#Un jour, un tweet

Docteur Diego et Mister Maradona

Après avoir raconté les destins d’Ayrton Senna et d'Amy Winehouse, le documentariste Asaf Kapadia s’est penché sur les années napolitaines du joueur argentin

Jusqu’au 25 mai, le hashtag #Cannes2019 sera l’un des plus utilisés sur Twitter. Chaque jour, parmi les milliers de gazouillis générés par le festival, «Le Temps» en retient un, prétexte à parler de Cannes, de sa Croisette, du cinéma, mais pas seulement.

#Un jour, un tweet

Diego Maradona aurait dû venir à Cannes. Las, il a avancé – ou prétexté – une blessure à l’épaule et une défaite mortifiante du club mexicain qu’il entraîne pour se défiler. C’est donc seul qu’Asaf Kapadia a présenté le documentaire qu’il lui a consacré, entièrement monté à partir d’images d’archives et de voix off contemporaines. Après Senna et Amy, sur Ayrton et Winehouse, c’est la première fois que le Britannique se penche sur le destin d’un vivant. Pour l’occasion, pas de simple nom ou prénom: son film s’intitule Diego Maradona.
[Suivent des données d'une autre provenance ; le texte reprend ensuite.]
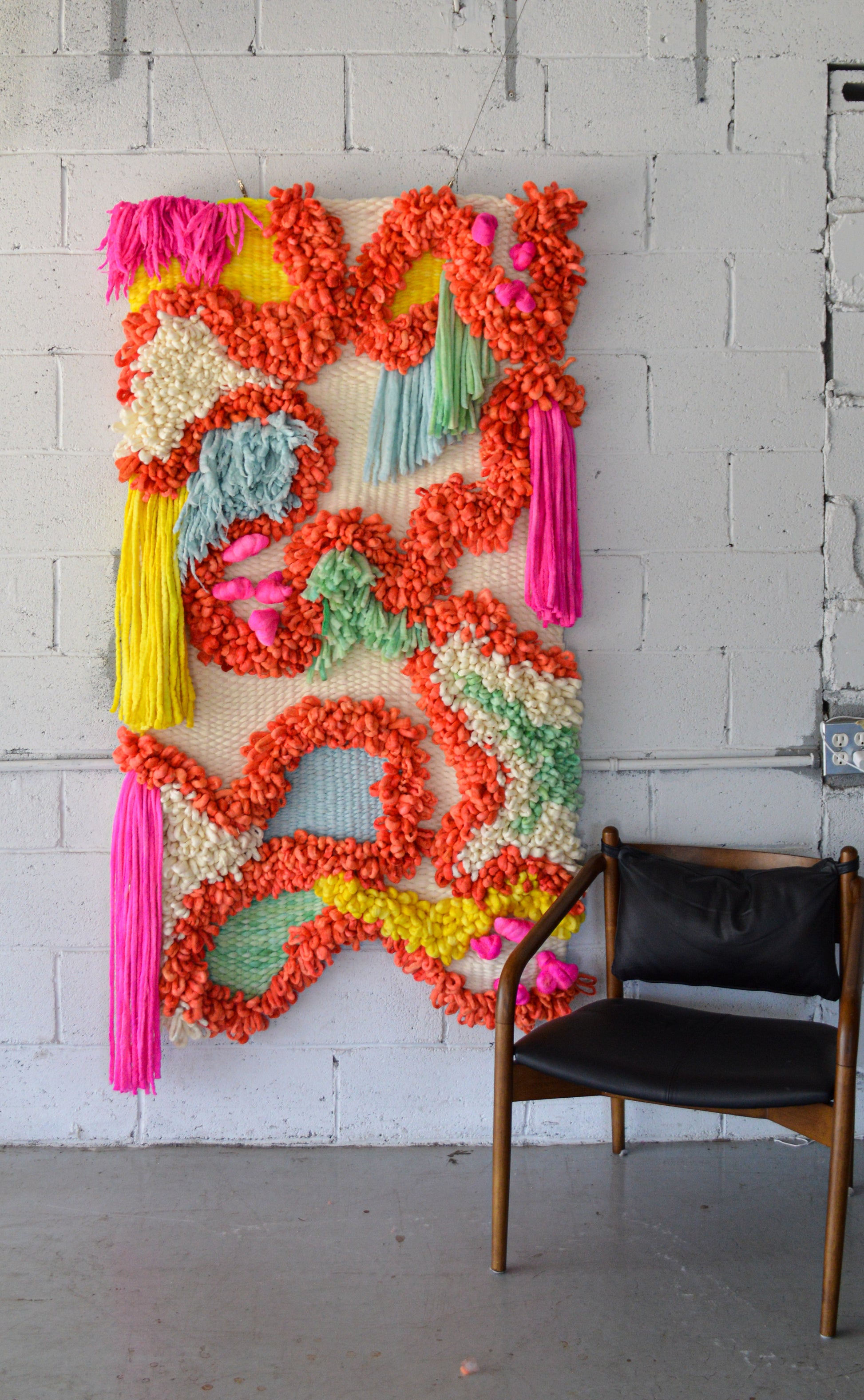 I absolutely love working on large scale commissions, so please get in touch if you're interested in something similar but would like some variations or adjustments to better suit your space. I hand dye all of my own yarns, so matching a particular color palette is right up my alley! Please send me an email for more details on pricing etc

L’essentiel du récit est logiquement consacré aux sept saisons que l’Argentin aura passées au SSC Naples, club auquel il offrira les deux seuls titres de champion d’Italie de son histoire. A son arrivée, le numéro 10 avait été accueilli par 85 000 spectateurs dans un stade au bord de l’implosion. On l’attendait en messie, il deviendra un dieu. Mais lorsqu’il quittera Naples, personne pour le saluer. L’Italie ne lui avait pas pardonné d’avoir éliminé la Squadra Azzura en demi-finale de «sa» Coupe du monde, en 1990. Lors d’un match sous tension qui s’était joué… à Naples.

Diego Maradona est le récit d’une réussite, celle d’un gosse des bidonvilles devenu le plus grand joueur du monde. Mais aussi d’une déchéance, celle d’un homme psychologiquement inapte à gérer autant de pression, qui sera condamné à rester à Naples alors qu’il voulait être libéré de son contrat, et qui sombrera dans la cocaïne tout en devenant malgré lui un protégé de la Camorra. Diego le surdoué du ballon rond contre Maradona le provocateur ingérable. Voilà un beau personnage tragique qui, un jour ou l’autre, devrait logiquement avoir droit à son biopic.